(Your objective) Every line below should come back exactly as written, though the pictures stay out.

(Data provided)
====================
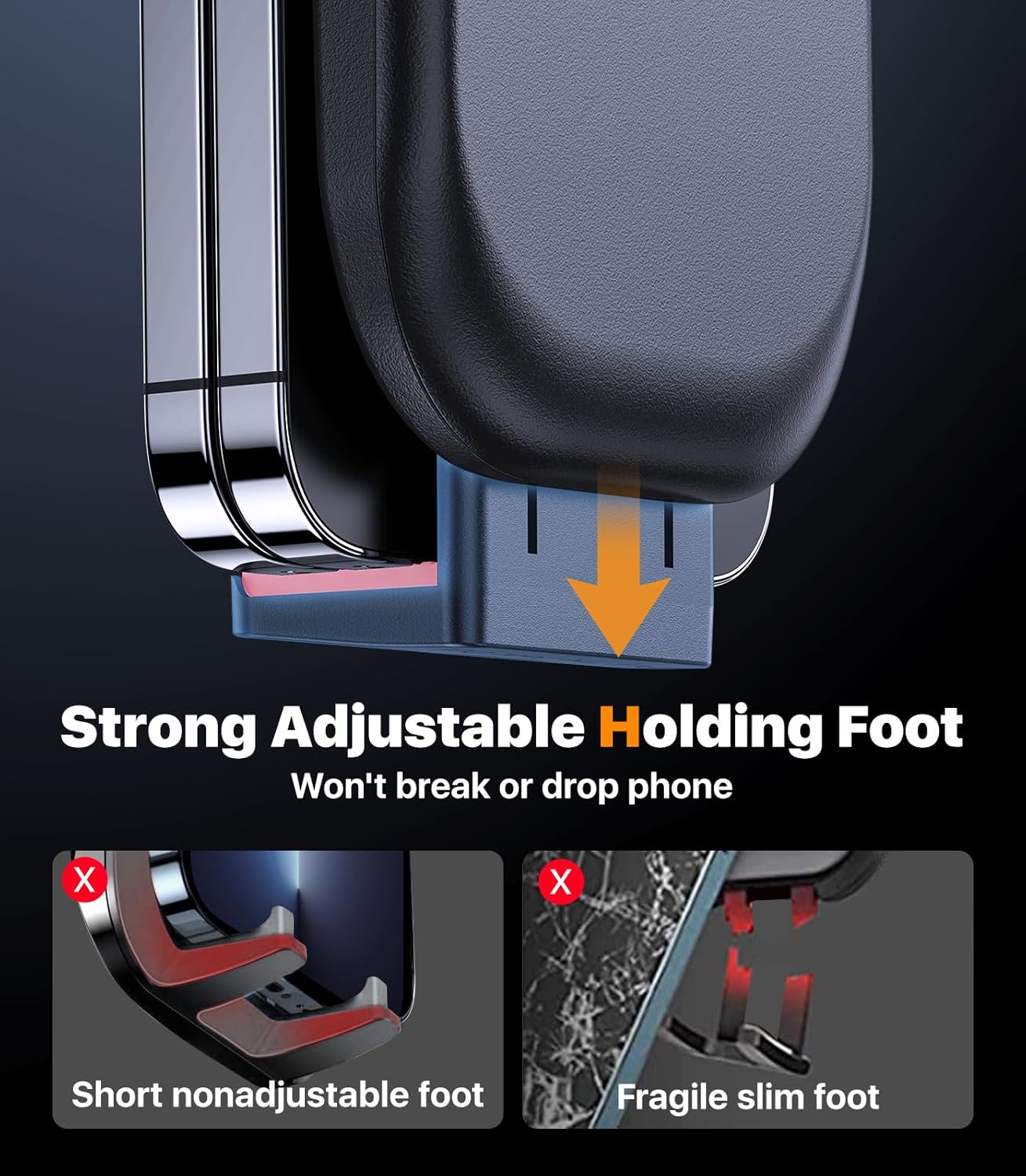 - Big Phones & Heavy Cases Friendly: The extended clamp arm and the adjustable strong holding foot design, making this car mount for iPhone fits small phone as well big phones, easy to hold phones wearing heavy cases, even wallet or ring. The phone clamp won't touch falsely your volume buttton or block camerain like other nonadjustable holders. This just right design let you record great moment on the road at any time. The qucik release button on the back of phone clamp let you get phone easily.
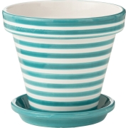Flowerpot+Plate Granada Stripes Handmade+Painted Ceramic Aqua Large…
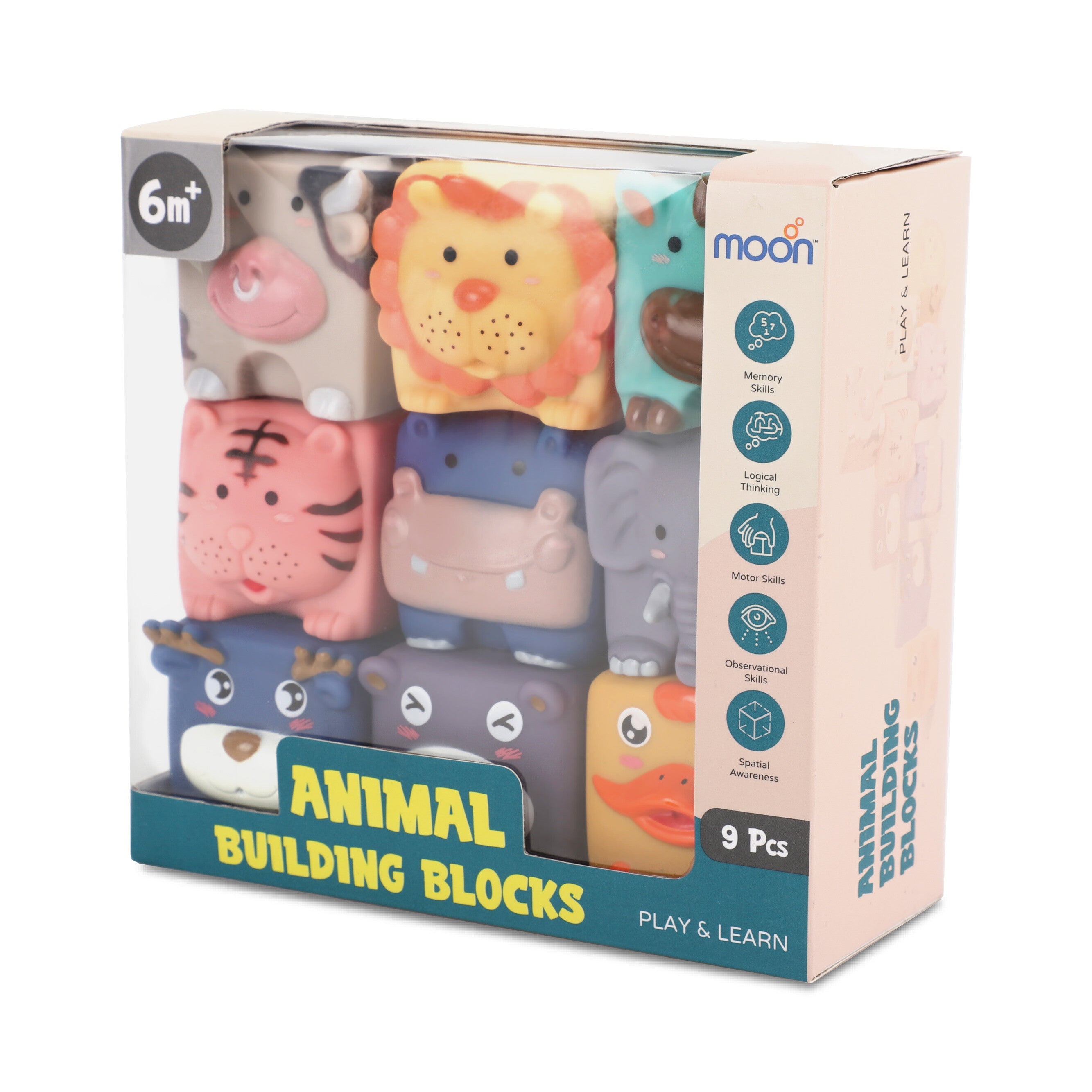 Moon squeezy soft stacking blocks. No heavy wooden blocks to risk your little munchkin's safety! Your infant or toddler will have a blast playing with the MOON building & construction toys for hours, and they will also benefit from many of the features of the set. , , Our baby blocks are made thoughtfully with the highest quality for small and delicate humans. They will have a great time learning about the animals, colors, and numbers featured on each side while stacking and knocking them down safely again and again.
====================
(Exercise output)
 - Big Phones & Heavy Cases Friendly: The extended clamp arm and the adjustable strong holding foot design, making this car mount for iPhone fits small phone as well big phones, easy to hold phones wearing heavy cases, even wallet or ring. The phone clamp won't touch falsely your volume buttton or block camerain like other nonadjustable holders. This just right design let you record great moment on the road at any time. The qucik release button on the back of phone clamp let you get phone easily.
Flowerpot+Plate Granada Stripes Handmade+Painted Ceramic Aqua Large…
 Moon squeezy soft stacking blocks. No heavy wooden blocks to risk your little munchkin's safety! Your infant or toddler will have a blast playing with the MOON building & construction toys for hours, and they will also benefit from many of the features of the set. , , Our baby blocks are made thoughtfully with the highest quality for small and delicate humans. They will have a great time learning about the animals, colors, and numbers featured on each side while stacking and knocking them down safely again and again.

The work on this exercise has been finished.